The most promising way was two combine those two with a Keras Concatenate layer, like this:

model = ResNet.get_resnet_50_model()

landmarks_input = Input(shape=(landmarks_x_train.shape[1],), name='landmarks_input')

model_output = model.output

combined_input = concatenate([model_output, landmarks_input], name='combined_input')

model = Model(inputs=[model.input, landmarks_input], outputs=combined_input)

This gave me a model, but I was unable to adapt the model.fit() process to get it running.

Conclusion:

So now I hope someone can help me combine those two inputs, so I can train the model on both of them.

Solution

In keras mixed data and multiple inputs can be integrated using the keras function API.

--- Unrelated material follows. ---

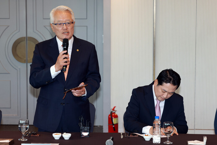 ▲ 민의힘 장동혁 대표(오른쪽)가 13일 서울 영등포구 여의도 한 중식당에서 열린 국민의힘 상임고문단 회의에 참석해 고문단 회장인 정의화 전 국회의장의 발언을 메모하고 있다. 2025.10.13 (사진=연합뉴스) |

From an architectural point of view you will be introducing two input streams, into a dense layer and then you will be concatenating these input streams.

# define two sets of inputs
inputA = Input(shape=(32,))
inputB = Input(shape=(128,))

# the first branch operates on the first input
x = Dense(8, activation="relu")(inputA)
x = Dense(4, activation="relu")(x)
x = Model(inputs=inputA, outputs=x)

# the second branch opreates on the second input
y = Dense(64, activation="relu")(inputB)
y = Dense(32, activation="relu")(y)
y = Dense(4, activation="relu")(y)
y = Model(inputs=inputB, outputs=y)

# combine the output of the two branches
combined = concatenate([x.output, y.output])

# apply a FC layer and then a regression prediction on the
# combined outputs
z = Dense(2, activation="relu")(combined)
z = Dense(1, activation="linear")(z)

# our model will accept the inputs of the two branches and
# then output a single value
model = Model(inputs=[x.input, y.input], outputs=z)

A full tutorial can be found here.

Note: If your landmarks are within the image dimensions, you could also generate an additional channel to the image where pixels with a landmark get the associated depth / z value. Your input is then an image with two channels.